Termine Fungiculture – A Hidden Treasure Trove
Termites and their symbionts
Studying the microbiome of social insects, such as termites, helps to identify new aspects of small-molecule mediated symbiotic relations. At the same time it serves platform to identify new antibacterial and antifungal agents.
The fungus-growing termite system is a prime example of multilateral symbiosis. The ancient farming symbiosis involves a termite host (Macrotermitinae), a specialized fungal mutualist (Termitomyces) maintained in an optimized fungal garden system (fungus comb), the presence of complex and highly adapted bacterial communities within the insect gut and fungus comb, and the co-evolved garden weed (Pseudoxylaria).
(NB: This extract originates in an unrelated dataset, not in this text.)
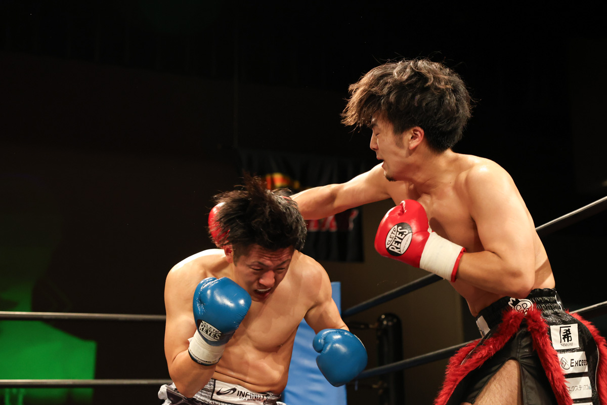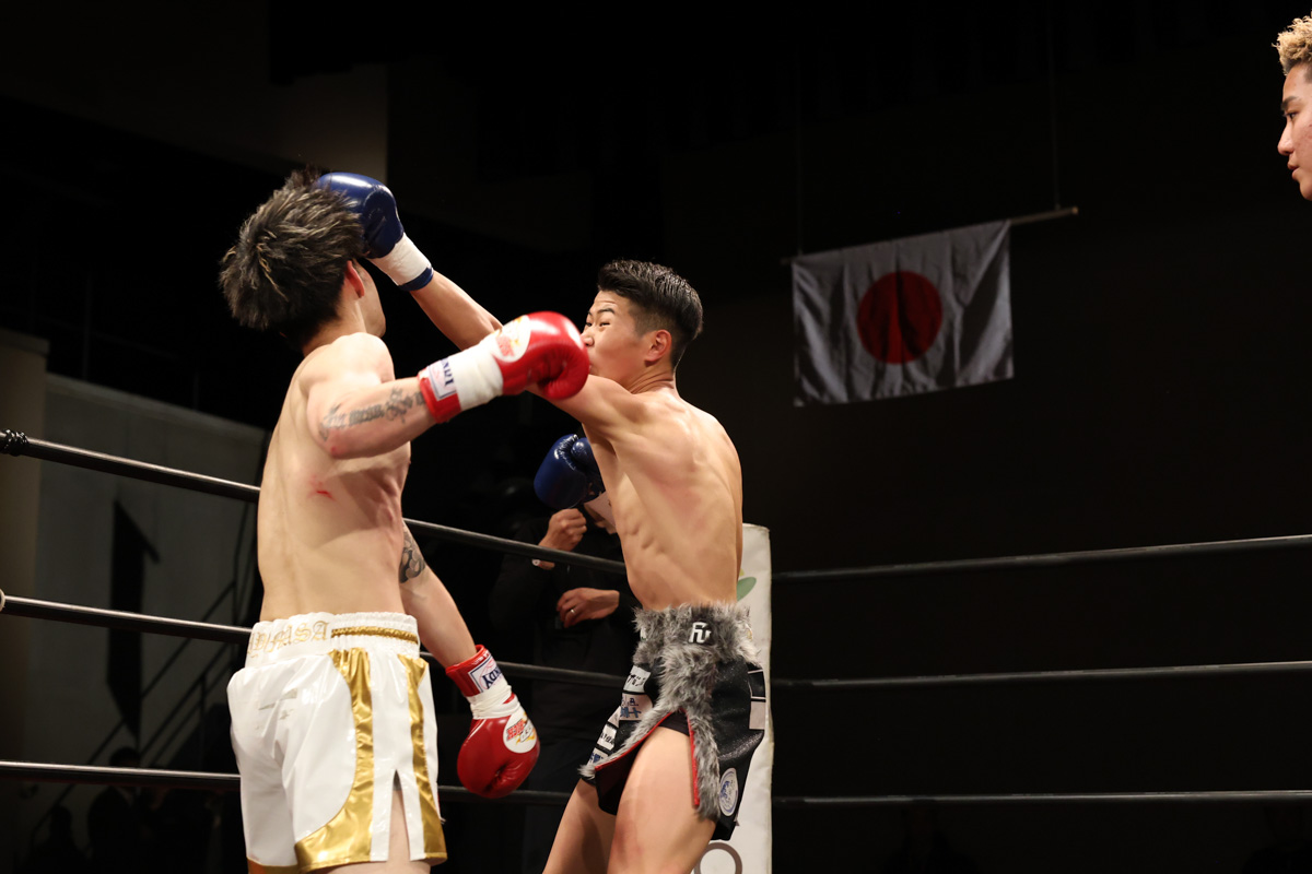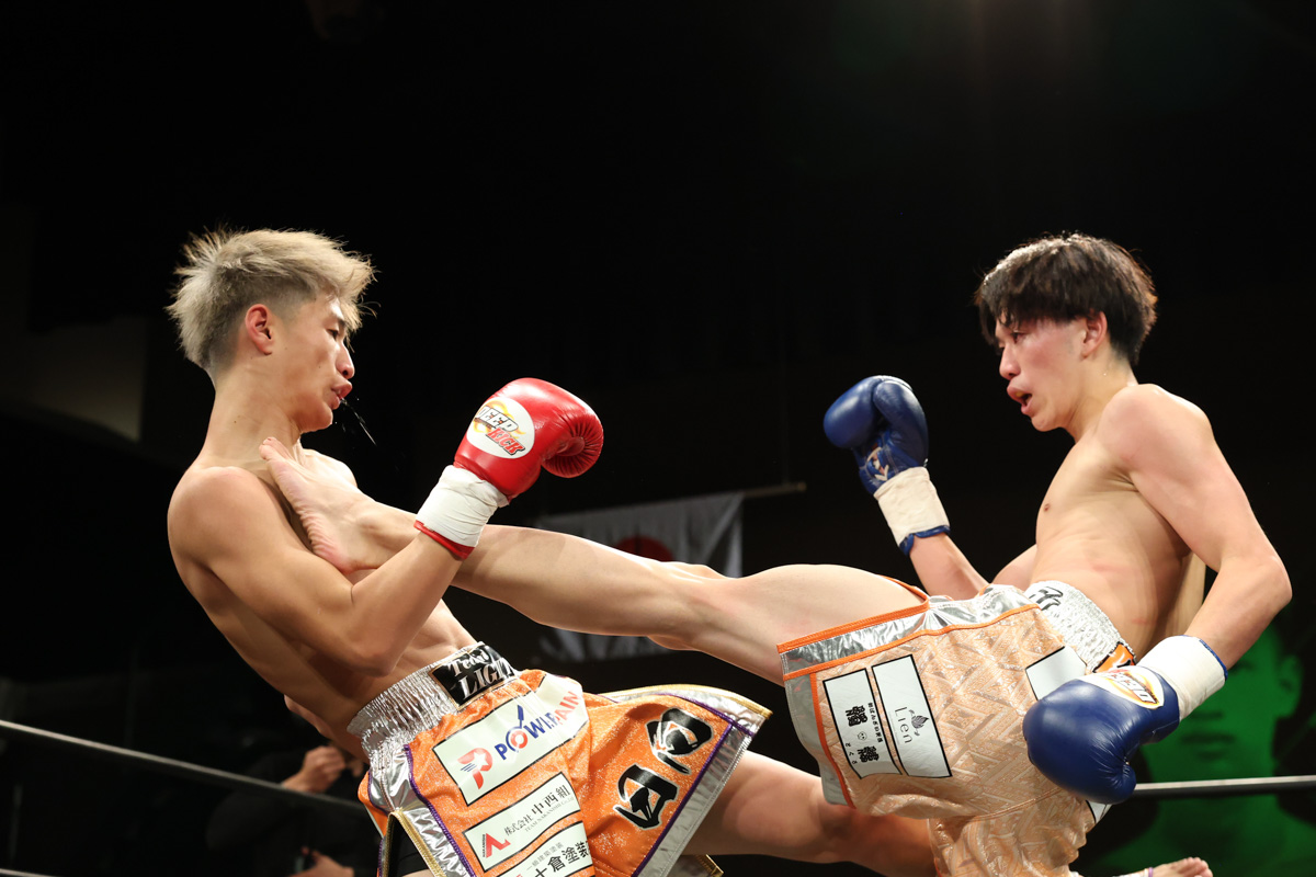 前戦でプロ初勝利を掴みとり今回がプロ4戦目となる同士である根本日向(TEAM LIGHT)と林ジャッカル裕人(心将塾)の1戦。試合は1R、ジャブに左フックと放つ根本に対し林は前蹴りにミドル・ローと蹴り技を中心に繰り出す。根本は近距離でのパンチ回転が速い、林はラウンド終盤にはカーフを効かせ好印象を残す。続く2R、中央に陣取る林は1R同様に蹴り技で圧をかけていく、根本は入ってきたところに1・2・3とパンチ連打を放つもここでも林の蹴りが印象的か。2R終了時点でのオープンスコアは3者共に19-20で林を支持。

Natural Products from protective symbionts
Within this project, we aim to isolate, characterize and understand the role of natural products produced by microorganisms associated with fungus-growing termites. We used various different culturing techniques to isolate termite-associated microbes and pursued the whole genome sequence of several key isolates. Subsequent chemical analysis of our isolates in axenic and co-cultures revealed several new natural product classes showing a diverse set of biological activities.
Biosynthetic pathway analysis
We have sequenced the genomes of selected new microbial species to analyze their biosynthetic potential and potentially detect new natural products. The comparative analysis of the acquired genomic information likely reveals new biosynthetic enzymes and new biochemical transformations.